Through my love of eating, I’ve also managed to forge some lovely friendships with the teams behind the buns, and their enthusiasm for bringing the best to Bristol is wonderful to see. I often get tagged in burger photos on Instagram and on Twitter, and receive messages from friends and strangers asking for recommendations on where to get their next burger fix and this brings me no end of joy. I’ve been able to meet, communicate and discuss all things meaty with a bunch of new faces which I really love. It’s just another reason (aside from them being delicious) that I will always champion the Bristol burger gods and for some people to call me Bristol’s burger queen is beyond a compliment.

Action for Change

There are so many examples of initiatives and events I could shout out for this example of why Bristol is special, so big up to everyone championing to make a difference in any way they can.
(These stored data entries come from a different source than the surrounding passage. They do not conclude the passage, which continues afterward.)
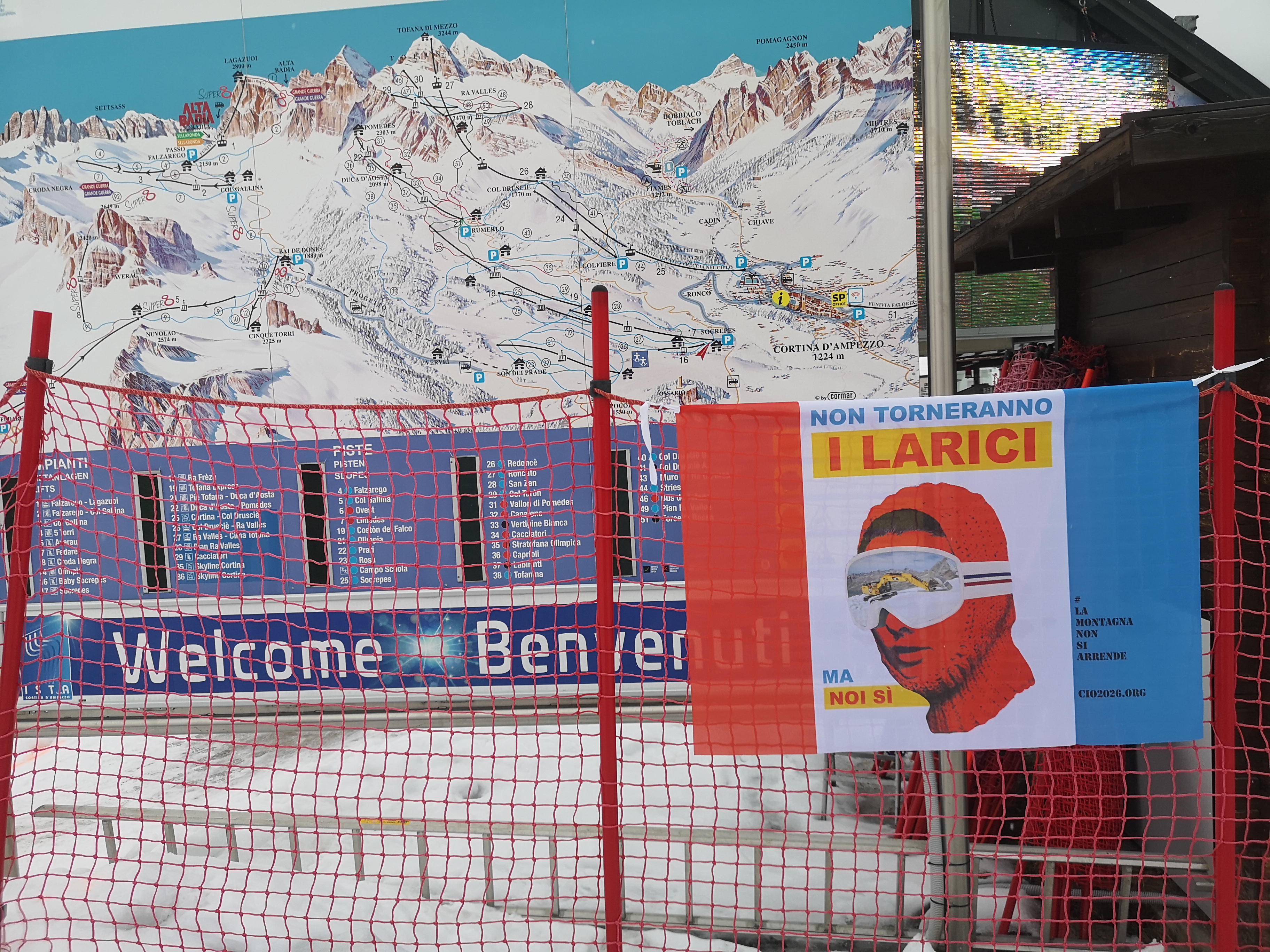 Secondo quanto visto, secondo nostra legittima e concreta opinione di attivisti e alpinisti amanti, conoscitori e difensori di queste montagne, accompagnati da autorevoli abitanti di Cortina ai margini del cantiere, non abbiamo altro da aggiungere se non:
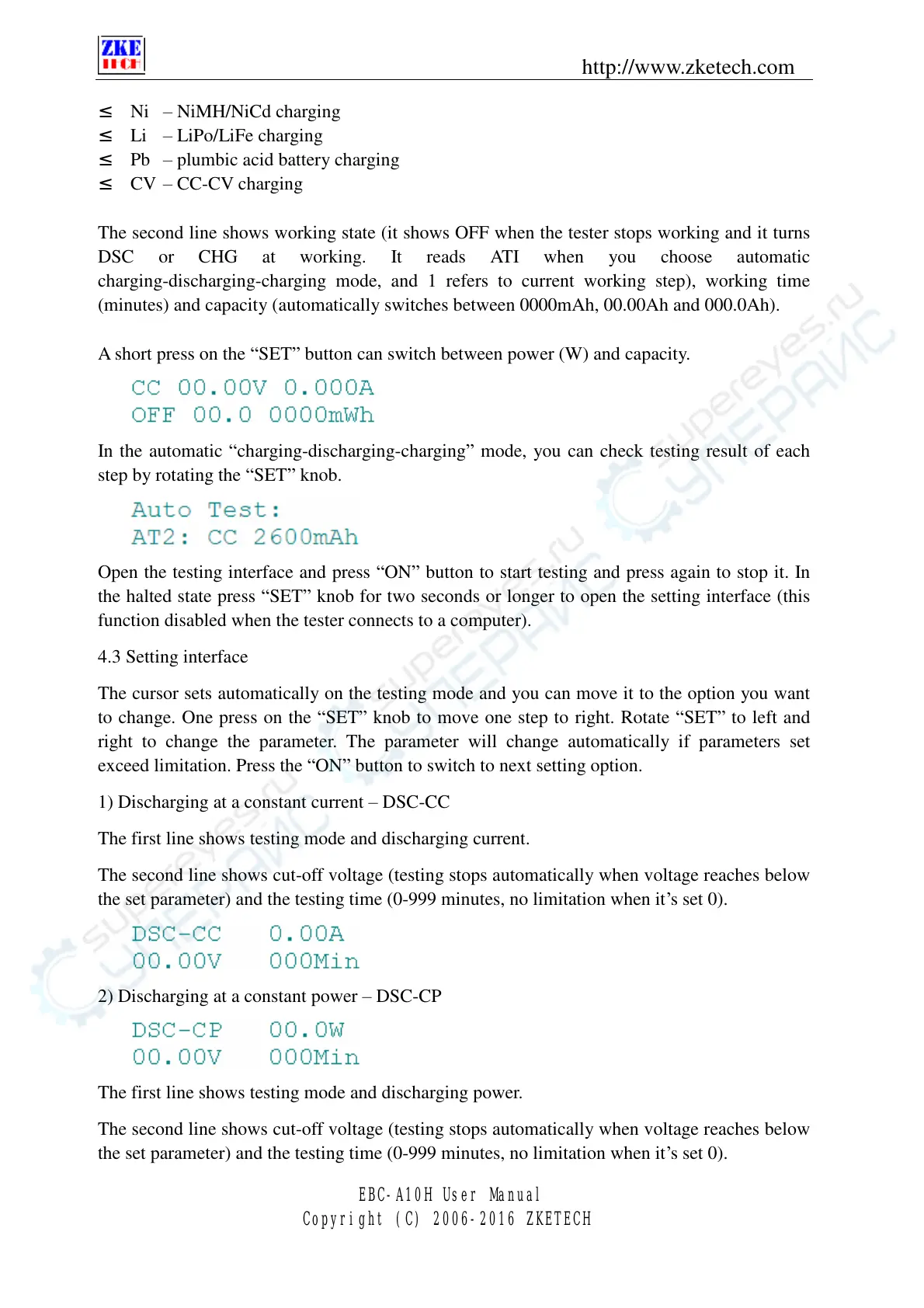 (minutes) and capacity (automatically switches between 0000mAh, 00.00Ah and 000.0Ah).
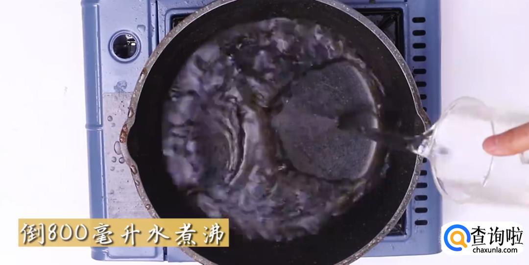 在干净的锅中倒入800毫升水煮沸。
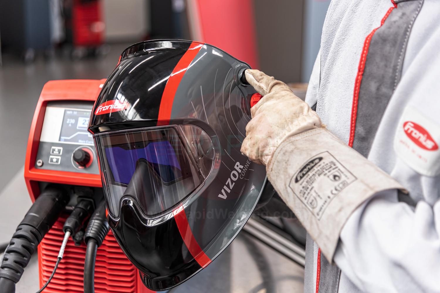 The Vizor Connect is the world’s first welding helmet that connects and communicates with a power source via Bluetooth. The welding helmet's smart sensitivity means it darkens before ignition rather than waiting until the arc has been lit. The Vizor Connect also eliminates the difficulty of interference from exterior lighting and reliably darkens even in the most challenging welding situations. It consequently guarantees a higher degree of both safety and comfort.
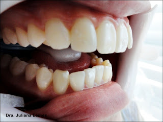 A remodelação foi feita 1 semana após o término das sessões de clareamento, no caso, 3 sessões de consultório.
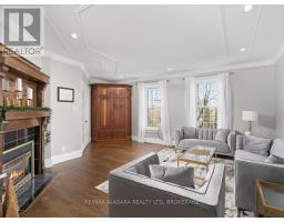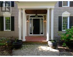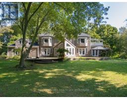 Camelot Hill Estate: A custom-built Georgian Colonial set on 1.2 acres of manicured, tree-lined grounds overlooking winding Lakeshore Road West, just outside the lakeside town of Port Colborne. With over 3,700 sq ft of finished living space, the home commands a striking hillside presence while offering privacy and a peaceful setting. The columned entrance opens to a grand foyer with a sweeping oak staircase, leading into formal living and dining rooms defined by classic architectural details. The main floor also features a private office, a bright Florida room with French doors to the terrace, and a comfortable family room-well suited for both everyday living and entertaining.The kitchen was updated in 2022 with new cabinetry and flooring, blending traditional style with modern function, and includes granite countertops, high-end appliances, and a breakfast area overlooking the grounds. Upstairs, there are 4-5 generous bedrooms and 2.5 updated bathrooms. Restored hardwood floors, two gas fireplaces, and abundant natural light highlight the home's timeless character throughout.The lower level is unfinished, offering excellent potential to further expand the living space. Major updates include a new roof (2021), new windows and doors (2022), garage doors, lighting, and a new water system. A dedicated internet tower provides reliable high-speed connectivity.The landscaped grounds feature terraces, gardens, and a heated garden shed-ideal for relaxing, gathering, or creative use. 10187 Lakeshore Road is a rare estate offering a serene wooded setting, strong presence, and quick possession. (id:61594)
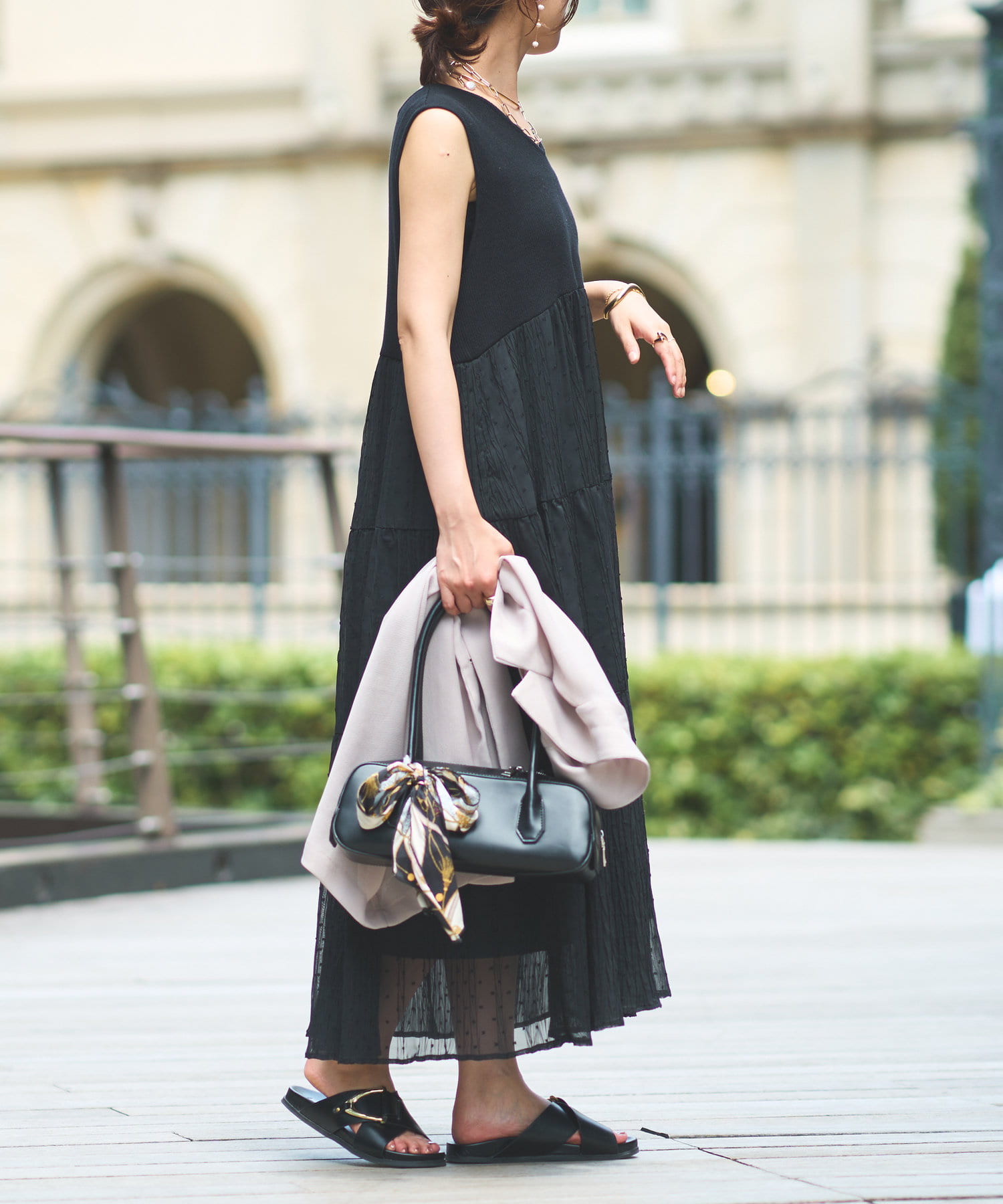 1枚ではもちろん、合わせるバッグやアクセサリーで雰囲気を変えることができます。
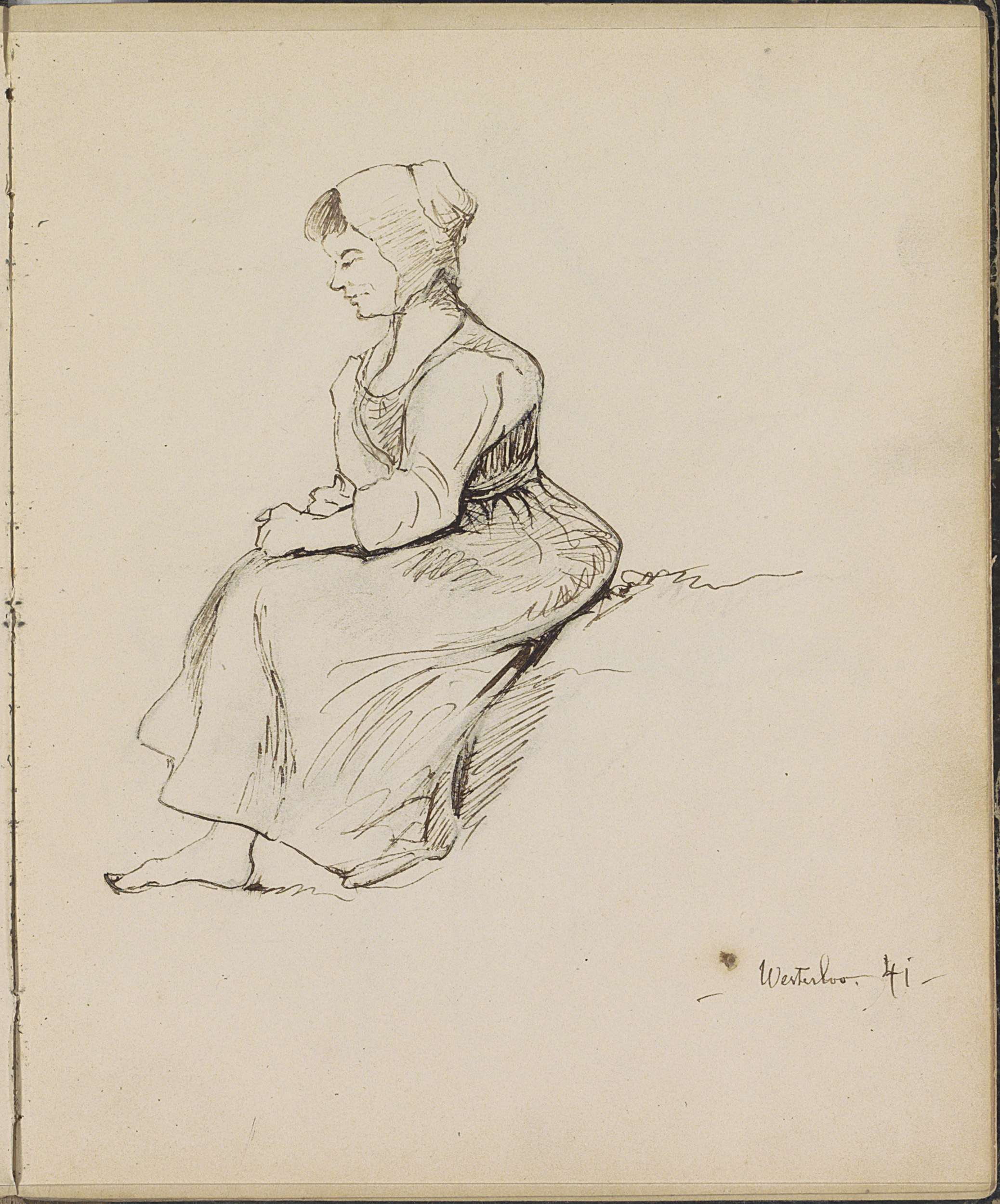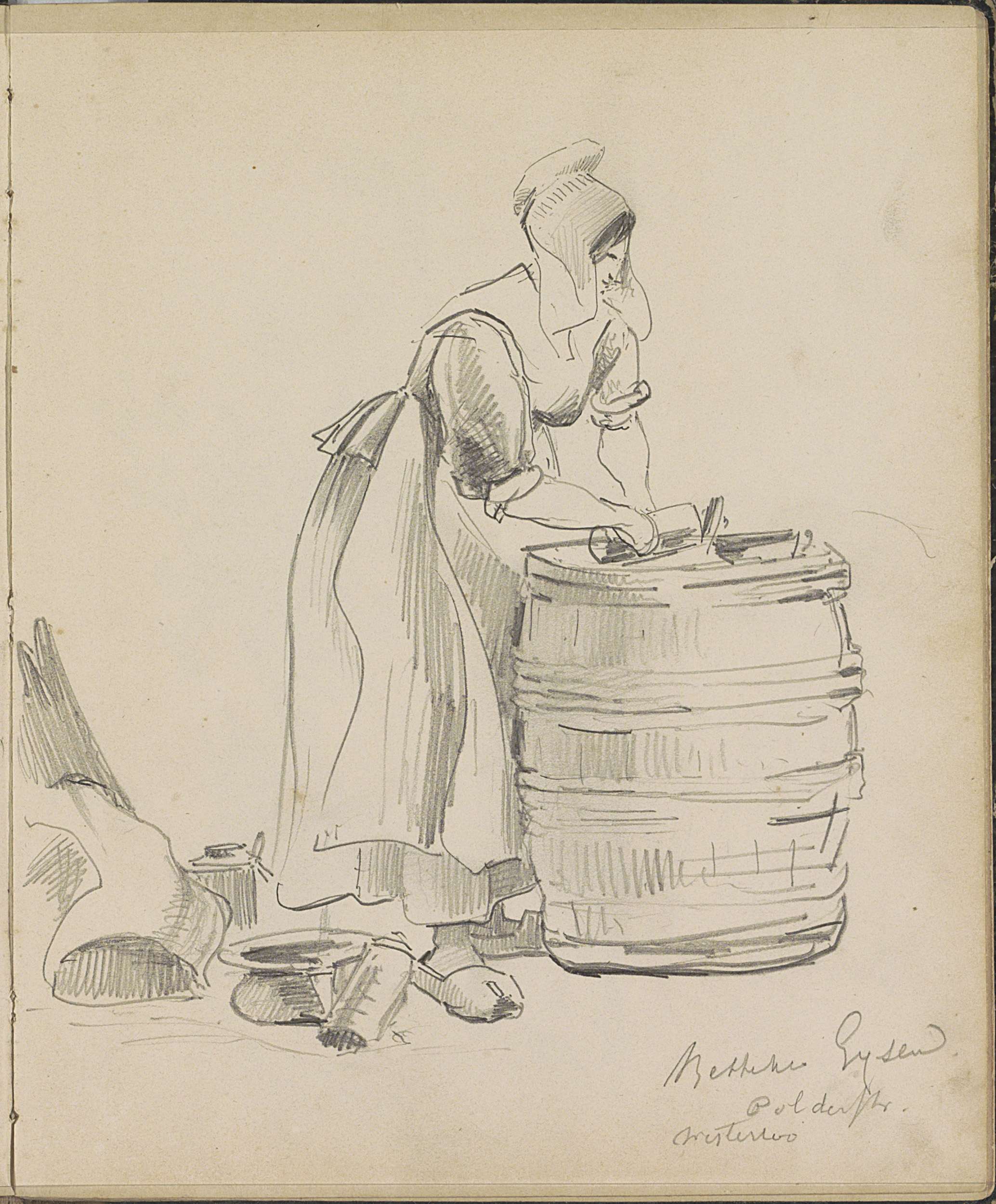 Vrouw met kap en schort, zittend bij een rieten mand

Not only do individuals recognise problems and the need for change here, but they actually roll up their sleeves and start doing something about it.

The 91 Ways events have proved hugely popular across the city, and the idea behind it is really quite simple; uniting people through the love of food. Bristol has a diverse range of communities that live together and these events are designed to fuse these different cultures and promote a healthier, more sustainable city. It also allows communities or people who may feel isolated or out on a limb to make connections with others and engage in important discussions. It is ideas like this that allow people from all walks of life the chance to come together.

There are also smaller scale (but no less important) projects, such as Incredible Edible Bristol which promotes the use of land (no matter how big or small) to grow food. The team here, made up of volunteers and partners have created over 30 edible gardens in spaces across Bristol and the food grown is free and for anyone to take away and eat.  This initiative has also introduced a scheme to get schools involved, so that youngsters can see the importance first hand of being able to grow and eat sustainably.

As in every city there are charities designed to help the less fortunate, so this is not something new in Bristol, however the support and willingness of people to get stuck in and help knows no bounds here. People collecting donations of food and warm clothes to hand out to those sleeping on the streets, unwanted/unused scarfs tied to lampposts so that those who are homeless can take them to keep and fund raising events are just a small selection of ideas I have witnessed whilst living here. Care in the community has never had more of a profound meaning.

So Bristol, I love you, do you mind if I stay?